Он принялся неистово шарить среди бумаг на столе у Колберна, и доктор решил, что его собеседник с утра уже успел приложиться к хересу из погребов господина Суле.

— Нашел, — возгласил он, сияя улыбкой, торжествующей и вместе с тем дружеской. — Берите, пока оно тут. Если вы адвокат, сэр, то, конечно, отлично знаете, что фактическое владение вещью составляет девять десятых формального права на вещь. Впрочем, прошу извинить меня, вы, конечно, не адвокат. Я имею честь разговаривать с доктором канонического и гражданского права.

— Увы, всего-навсего с доктором медицины, — возразил Равенел, принимая письмо.

— Великолепнейшая специальность! — возгласил лейтенант. — Древнейшая и достойнейшая! Профессия Эскулапа и Гиппократа. Врачи появились на свет раньше юристов и принесли много больше добра человечеству.

Равенел бросил взгляд да врученный ему конверт — на нем не было ни печати, ни почтового штемпеля. Вскрыв конверт, он увидел, что это письмо от Колберна, адресованное ему и, как видно, лежавшее в ожидании парохода.

— Надеюсь, вам пишут, что все у вас дома в порядке, — продолжал лейтенант в высшей степени дружественно.

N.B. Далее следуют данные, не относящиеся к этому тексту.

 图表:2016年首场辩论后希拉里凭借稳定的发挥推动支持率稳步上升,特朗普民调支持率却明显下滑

Доктор ответил кивком и улыбкой, полагая едва ли разумным объяснять все подробности человеку, в такой степени увлеченному винами господина Суле. Пока собеседник продолжал развлекать его светской беседой, Равенел огляделся кругом и восхитился убранством и мебелью. На стенах висели две превосходные картины и с десяток отличных гравюр. Портьеры из тяжелой узорчатой шелковой ткани были отделаны кружевом; на сиденья дубовых, с искусной резьбой стульев и кресел были надеты чехлы из той же узорчатой ткани. Мраморная полочка над камином и исключительной красоты черепаховый подзеркальник были уставлены безделушками, камеями из Италии, бронзовыми статуэтками из Парижа, богемским стеклом, резным деревом из Швейцарии — словом, всяческими европейскими сувенирами. А в углу у стены стояли четыре огромных альбома с гравюрами и дагерротипами. Равенелу подумалось, что он не встречал в Америке другого такого дома, столь изысканного и богатого. Раньше он здесь не бывал и не знал, чье это владение.

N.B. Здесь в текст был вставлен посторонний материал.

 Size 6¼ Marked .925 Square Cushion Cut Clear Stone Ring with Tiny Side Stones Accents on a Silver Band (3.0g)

— Недурное гнездышко, сэр, — заявил лейтенант, — бывший хозяин его сейчас капитан у мятежников. Построил и меблировал этот дом для некоей дамы, парижской актрисы, которую вывез из Франции. Жена, говорят, была недовольна; Эти жены адски капризны, не правда ли, сэр? — В карих глазах лейтенанта и под черными усиками зарезвилась усмешка сатира. — А вот и она сама (не жена, конечно, а дама); портреты ее тут повсюду в различных театральных ролях. А здесь она в утреннем дезабилье, так сказать, в основной своей роли.

С той же усмешкой сатира лейтенант указал на дагерротип большого формата, поясной портрет пышной женщины лет двадцати восьми — тридцати, едва ли красивой в собственном смысле слова, но, как видно, неглупой, живой и с большим шармом.

— Старушка что надо, не так ли, сэр, — продолжал чичероне, игнорируя явное неудовольствие своего слушателя, — хотя не вполне в моем вкусе. Мне подавай помоложе и поневиннее, так сказать, в ореоле девственной чистоты. Ваше мнение, сэр?

У доктора не оставалось иного выхода, как согласиться с настойчивым собеседником. Он уже с нетерпением ждал появления Колберна.

— Мы чертовски отлично живем в этом домике, сэр, — возобновил свою беспощадную болтовню лейтенант. — Здешний погреб прикончили с ходу, а потом принялись за старичину Суле. За вчерашний день, например, выпили сорок восемь бутылок шампанского и мадеры. Избранная компания, сэр, полковая семья, Десятый Баратарийский.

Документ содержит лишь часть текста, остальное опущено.